Do Americans Really Save Too Little and Should We Nudge Them to Save More? The Ethics of Nudging Retirement Savings

ABSTRACT:

The contention that consumers systematically “undersave” for retirement is a frequent example provided by adherents to behavioral economics and behavioral law and economics to purportedly illustrate their theories. Although frequently asserted, the claim that people systematically undersave is rarely assessed empirically. 

This article, written for the Georgetown Institute for the Study of Markets and Ethics Symposium on “The Ethics of Nudging,” examines available data on how many people fail to save and the reasons why they do not. According to available evidence, the overwhelming number of households saves enough or more than they need for retirement; only a small minority does not seem to save enough. Those who do not save for retirement lack the money to do so or allocate available resources to paying down consumer and student loan debt. Behavioral economics theories explain little of the observed patterns of saving or non-saving behavior. Moreover, behavioral economics itself suggests that many people probably oversave for retirement and makes no effort to reconcile these offsetting biases. 

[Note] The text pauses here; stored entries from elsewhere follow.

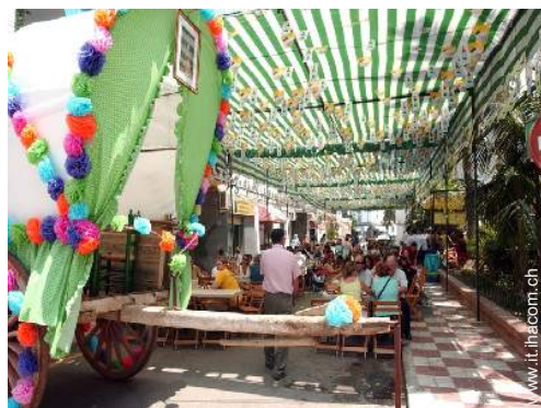
vista sulla città
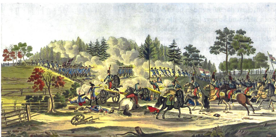
Schlacht von Fraubrunnen 1798.

Auch bei diesen regelmässig stattfindenden eidgenössischen Schützenfesten trafen sich Männer aus verschiedenen Regionen der Schweiz zum geselligen Zusammensein und leisteten im Zusammenspiel mit anderen eidgenössischen Vereinen als ideale Plattformen des politischen Meinungsaustausches einen nicht zu unterschätzenden Beitrag für ein nationales Bewusstsein, das es im sogenannten Ancien Régime – wenn überhaupt – nur ansatzweise gegeben hatte. 16
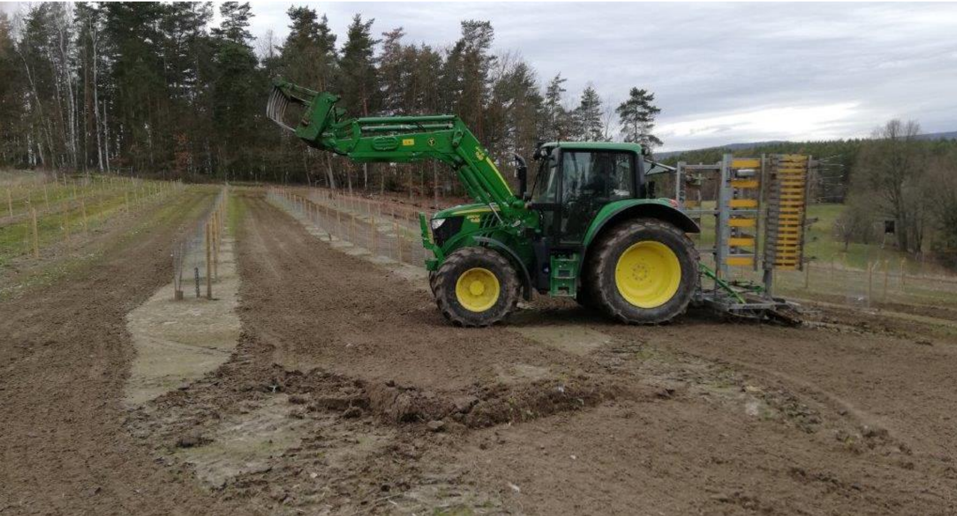
Drahtgitter als Baumschutz und weitere Pflanzungen 2020
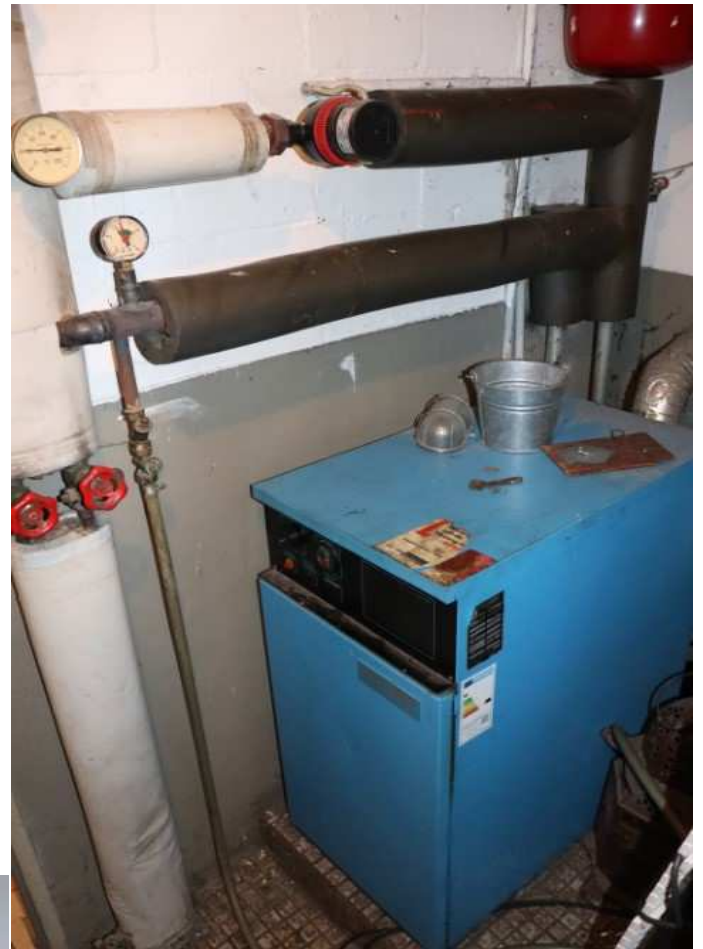
Bild 11 Untergeschoss, Kellerbereich -Heizungsanlage-
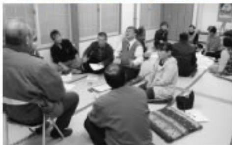
■大柳地区での座談会の様子

この座談会の内容もふまえて、研究がすすめられ、2月にはフォーラムも予定されています。フォーラムでは、昨年実施したアンケート調査結果や、座談会の内容も紹介する予定です。みなさんの参加をお待ちしております。
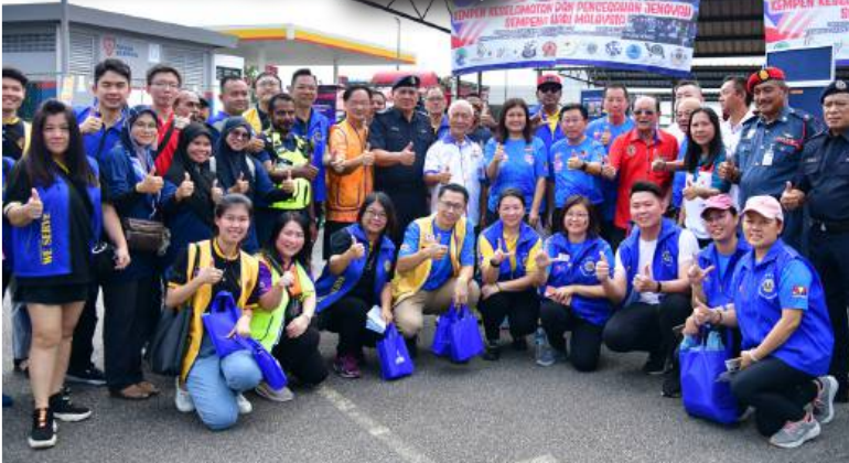
16 September 2023: Program Komuniti Polis Bersama Masyarakat di Lotus Plentong, Zon Johor Jaya
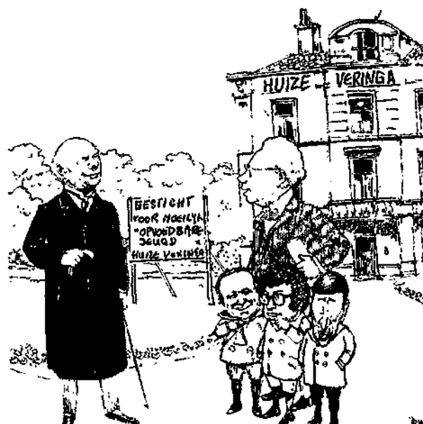
„U kunt ze alle drie weer mee naar huis nemen, mijnheer Den Uyl. U heeft er geen kind meer aan.”

More fundamental, once it is recognized that there is an opportunity cost to saving more—one must consume less today, borrow more, or work more—the theoretical validity of the claim that people undersave because of behavioral biases is suspect. Given the inherently subjective nature of opportunity cost, a central planner cannot be confident that he can make people better off by influencing their consumption expenditures across time than he could by shifting consumption expenditures across different goods and services today. It is concluded that there is little reason to believe that people would be made better off by nudging them to save more for retirement.